REST APIやWebhook、OAuth的な認証の基本的な概念について、ある程度の知識があることを前提としています。

2. REST APIの全体像

EMOROCO CRM Liteは、汎用的なREST APIを標準で提供しています。
特別な有料オプションではなく、標準機能としてすべてのテナントで利用できます。

一般的なREST API設計と同様に、エンティティ(企業・コンタクト・活動履歴・案件など)に対してHTTPメソッド(GET/POST/PUT/DELETEなど)を使ってデータの参照・作成・更新・削除を行う構成になっています。
特定のエンティティに限定されたAPIではなく、CRM上で管理しているすべてのエンティティに対して、標準でAPI経由のアクセスが可能です。

3. 認証方式:APIキー認証

外部システムからEMOROCO CRM LiteのAPIにアクセスする際の認証方式は、APIキー認証です。
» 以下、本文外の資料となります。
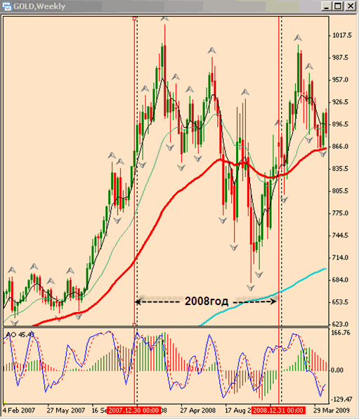 В сентябре, а затем и в ноябре 2009 года, когда Джордж Сорос, делал заявления об ожидании второй волны кризиса, а как известно во время кризиса происходит падение цен на металлы (золото, серебро, платина и т.д.) и не только на металлы - в подтверждение этому, график золота 2008 года, когда его цена упала примерно на 35% (первая волна мирового кризиса):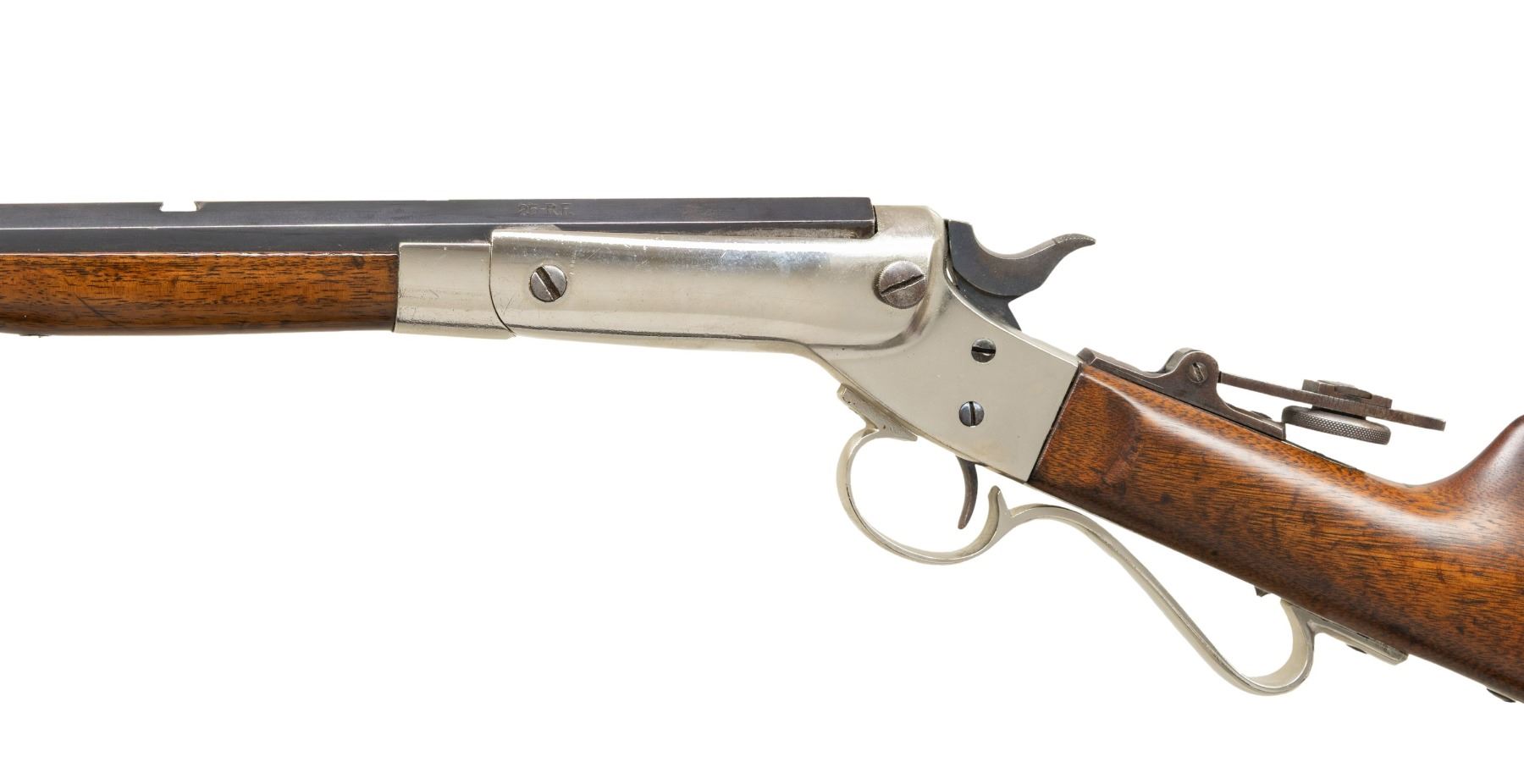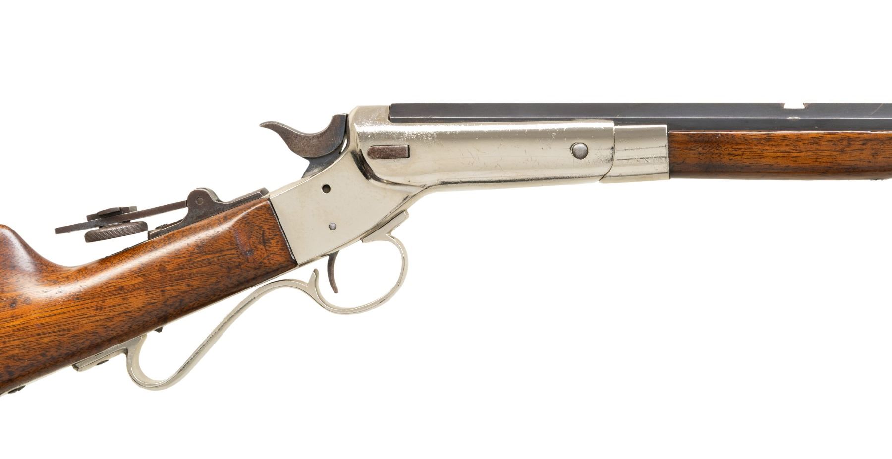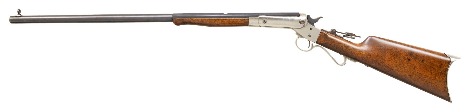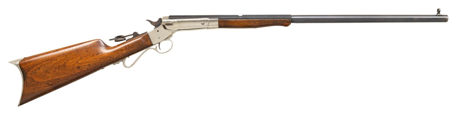 Cal. 25 RF (25 Stevens RF). S# 38867. Appears to be No. 7 Premier with matching numbered half. oct., half rnd. 24" bbl. Combination globe blade front sight, open rear dovetail & sliding peep sight. Nickel Tip up action w/ firing pin bushing & curled triggerguard. Walnut stock set w/ nickel finished crescent buttplate. CONDITION: good blue fading to brown patina with muzzle wear, marks & peppery oxidation. Refinished nickel showing prior pitting. Sanded & refinished wood shows sm. gaps at action, previous sm. dings & hairline cracks. PROVENANCE: Estate of Groves Herrick. (26-1008/MD). CURIO. $400-600.

テナントごとに発行されるAPIキーをリクエストヘッダーに含める形でAPIを呼び出します。

設計上の注意点

・APIキーは、環境変数やシークレット管理の仕組みを使って、ソースコードに直接書き込まないようにする
・用途ごとに複数のAPIキーを発行できる場合は、連携先システムごとにキーを分けて発行し、万が一の漏洩時に影響範囲を限定できるようにする
・定期的なキーのローテーションを運用ルールとして組み込む

4. API仕様書(Swagger/OpenAPI)の活用

EMOROCO CRM Liteでは、Swagger(OpenAPI)形式のAPI仕様書が自動生成されます。
これにより、次のようなメリットがあります。

  • エンドポイント一覧、リクエスト・レスポンスのスキーマを、ドキュメントとして自動的に把握できる
  • Swagger UIやPostmanなどのツールに仕様書を取り込み、実際にAPIを試しながら開発できる
  • OpenAPIスキーマからクライアントコードを自動生成するツールと組み合わせて、連携開発の工数を削減できる

エンティティやフィールドをノーコードで追加・変更すると、それに応じてAPI仕様も自動的に更新されるため、手動でドキュメントを管理する手間がかからない点も開発者にとって利点になります。

5. 各エンティティへのアクセスパターン

企業・コンタクト・活動履歴・案件といった標準エンティティに加え、ノーコードで追加した独自エンティティもすべて同じAPIの仕組みでアクセスできます。

一般的なアクセスパターンのイメージ

  • 一覧取得:対象エンティティのコレクションに対してGETリクエストを送り、条件に応じたフィルタリングを行う
  • 単一レコード取得:レコードのIDを指定してGETリクエストを送る
  • レコード作成:POSTリクエストで、必須フィールドを含むJSONボディを送信する
  • レコード更新:PUTまたはPATCHリクエストで、更新したいフィールドを送信する

具体的なエンドポイントのパスやパラメータ名は、テナントごとに発行されるAPI仕様書(Swagger/OpenAPI)を必ず確認してください。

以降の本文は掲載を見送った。